Kapalı okula güç bela bir ücretli öğretmen ayarladım.

Aradan üç ya da dört gün geçti. Bir okulda görülen Covit 19 vakası dolayısıyla ilçe hıfzıssıhha kurulu yedi ya da on günlük karantina uygulaması başlattı.

Okulları kapatıp uzaktan ders işlenmeye başlandı. (Devam edecek) 

3 Temmuz 2024 Çarşamba

Evlere Şenlik Bir Tarih Okuması

Türkiye-Avusturya maçını az buçuk maça ilgisi olan herkes izledi. İzlerken büyük çoğunluk çok iyi futbol oynayan Avusturya karşısında ülkemize hiç şans vermedi. Yenilmeye yenileceğiz. Bari fark yemesek dedi.

Endişe ve korku içerisinde maçı izlemeye başlamıştık ki önceki maçlardan farklı bir Milli Takım vardı sahada. Adeta her bir futbolcu sahada devleşti. 

İlk yarı ve ikinci yarının başlarında kornerden atışından Merih sayesinde maçı iki sıfır yaptık. İki sıfırdan sonra kalemize tehlikeli akınlar yapan Avusturya'ya karşın gole giden her golü karşılayan defans ve özellikle kritik kurtarışlarıyla, kaleci Mert unutulmazlar arasında yerini aldı. Hem gollerde hem defansta her şutu karşılayan Merih hiç unutulmayacak. Oynadığımız her maçta hiç istikrarını ve efendiliğini bozmadan görevini hakkıyla yerine getiren Ferdi daima gönüllerde olacak.

Kazanma umudumuz olmayan maçı kazanıp çeyrek finale adımızı yazdırdık. Tüm Türkiye bu galibiyete sevindik. Herkes kendince sevindi.
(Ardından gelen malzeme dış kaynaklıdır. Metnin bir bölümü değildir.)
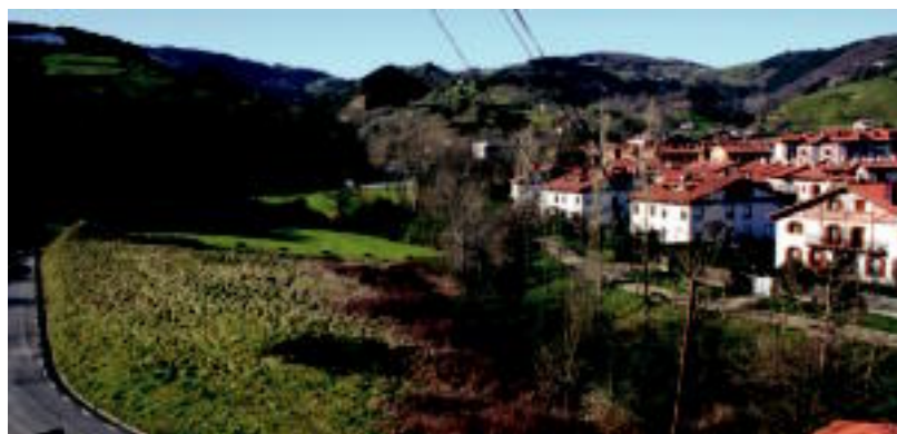
Artzubi inguruan, Larraulera doan bidearen ondoan, eraikiko dira igerileku irekiak.
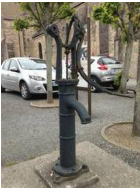
La pompe à eau de la ville qui a alimenté la pompe à bras des sapeurs pompiers.
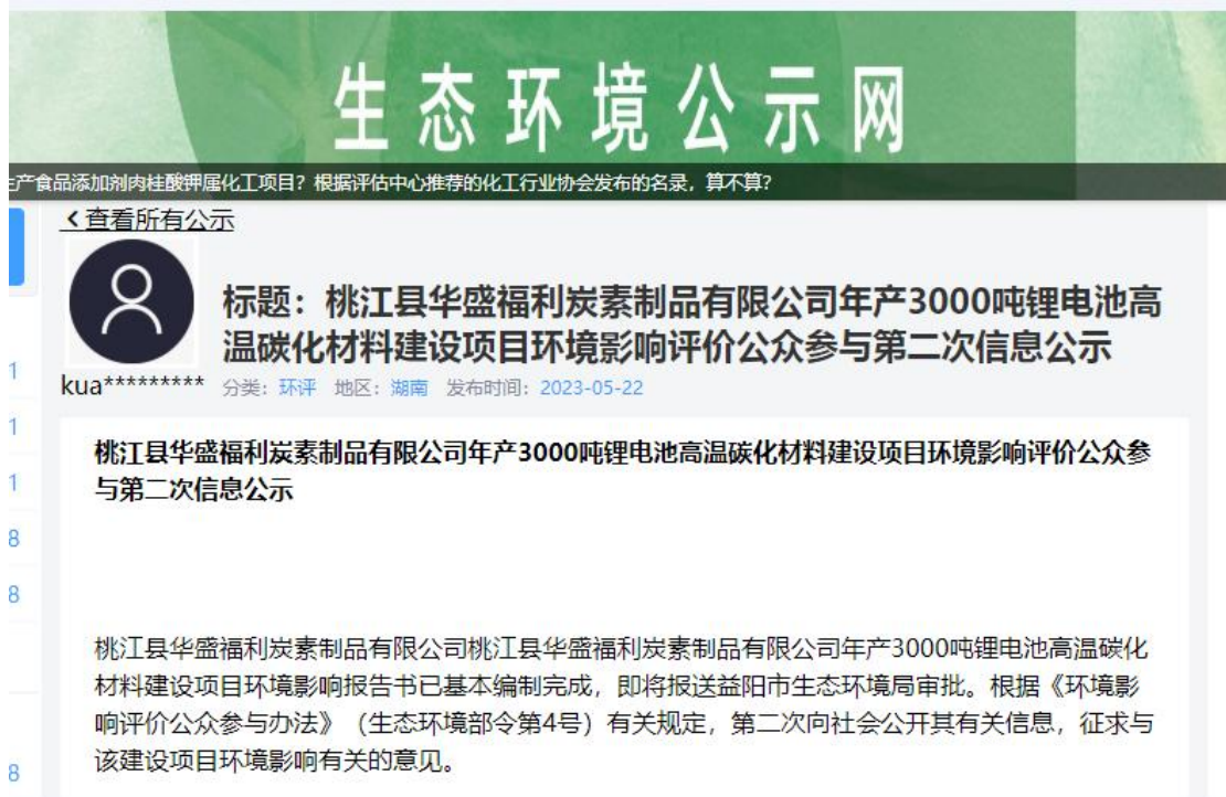
图 2 第二次网上公示截图
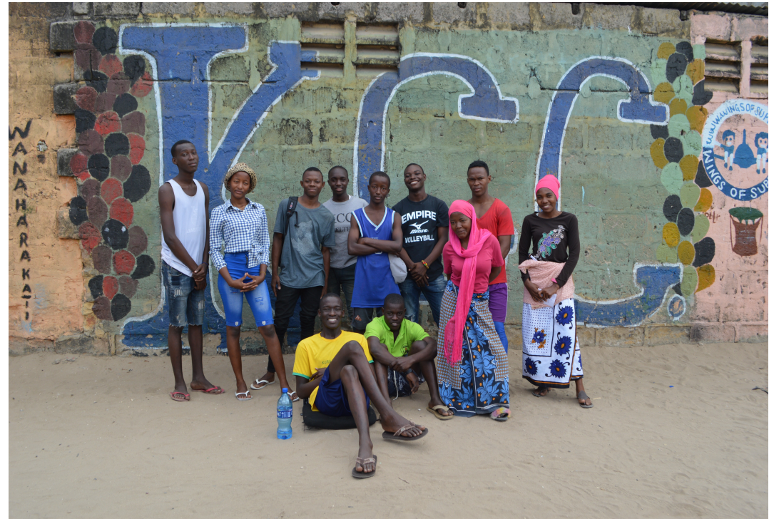
Einige der Jungen und Mädchen aus dem Scholarship Programm

Grundsätzlich zahlen die PatInnen den jeweiligen Beitrag auf das Konto von Pamoja e.V., von dort aus leiten wir es ans KCC weiter, sobald alle Scholarship-Beiträge eingegangen sind. Mit dem Geld der PatInnen wurden im vergangenen Jahr für das jeweilige Patenkind hauptsächlich Schulmaterialien (u.a. Schuluniform, Bücher) sowie die Transportkosten (d.h. die Kosten, die für das komplette Schuljahr für die Busfahrten anfallen, um zur Schule hin und zurück zu kommen) finanziert. Zusätzlich entstandene Kosten hat das KCC übernommen.
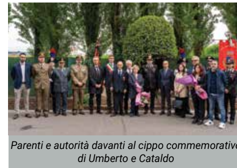
Parenti e autorità davanti al cippo commemorativo di Umberto e Cataldo

Il Comandante provinciale dei Carabinieri, le rappresentanze di Prefettura, Questura, Esercito, Guardia di Finanza, Vigili del Fuoco, Polizia Locale, Protezione Civile, il senatore Croatti, insieme al Sindaco Vignoli e all'amministrazione comunale si

Yorum yazdı, paylaşımlar yaptı. Paylaşımların her birinde cümleler farklı olsa da galibiyet ve başarıya susamışlığı ifade ediyordu ve her bir paylaşım birbirine benzer aynı duyguları ifade eden ölçülü paylaşımlardı.

Paylaşımların biri var ki evlere şenlik. Bu yazıyı da bunun için kaleme aldım. Görüp okumayanlar için paylaşımı buraya alıyorum: "Viyana 341 yıl sonra düştü. Montella başta olmak üzere bütün futbolcularımızı tebrik ediyorum. Viyana önünde Kızılelma için can veren Merzifonlu Kara Mustafa Paşa ve bütün şehidlerimizin* ruhu şad olsun". 

İsmini görmesem, bu paylaşımı yapan çiçeği burnunda bir genç ya da çocuk sanır, bu paylaşımın üzerinde hiç durmazdım. Hakkında yazı yazmadan önce bu paylaşım sahte olabilir mi diye baktım. Ki sahte olsun istedim. Maalesef aslı varmış.

Paylaşımı yapan kişi tarihçi bir akademisyen. TRT ekranlarının bir bilen gediklisi aynı zamanda. Üstelik bir üniversitenin de rektörü.

Vay be dedim ve bu paylaşımı fotoğraflayarak sosyal medya profilimden şunu yazıp paylaştım:  

Bu donanım bu vizyon bu okuyuşa şapka çıkardım. Bu ufuk bende olmadığı için hayıflandım.

Hangi birimizde var bu ufuk?

Bu seviyeye gelmek için meğer tarih okumak, üzerine ihtisas yapmak gerekiyormuş. Bunların hiçbiri bende yok.

Boşuna televizyoncu olmamış boşuna rektör yapmamışlar.

Kıskansam da iyi ki böyle bilim insanlarımız var. Geldiği nokta itibariyle kalitenin tesadüf olmadığına bir kez daha inandım.

Tarih okumasından anladığıma göre Viyana'yı bu sefer düşürmek bir İtalyan'a nasip oldu”.

Ne diyeyim. Bereket, Merzifonlu Kara Mustafa Paşa yaşamıyor. Yaşasa, "Ne dedin ne dedin? Bir daha söyle derdi. Ardından da sen futbolu bırak. Sadece tarih anlat sadece tarih derdi sanırım.

Bereket, Merzifonlu Kara Mustafa Paşa yaşamıyor. Yaşasa, "Ne dedin ne dedin? Bir daha söyle derdi. Ardından da benden uzak ol derdi sanırım ve Shakespeare ile ilgili anlatılan şu anekdota yer verirdi:

"Bir şemsiye tamircisi, yazmış olduğu şiirleri incelemesi için Shakespeare'e gönderir. Ünlü yazarın cevabı: “Dostum siz şemsiye yapın, hep şemsiye yapın, sadece şemsiye yapın...” olur.

Bunun hesap, siz sadece tarih anlatın tarih. Bırakın futbolu başkası yorumlasın, derdi.

*şehidlerimizin değil, şehitlerimizin şeklinde yazılması gerekirdi. Sanırım, Viyana’nın fethiyle ilgilendiği için bu ayrıntı rektörün gözünden kaçtı.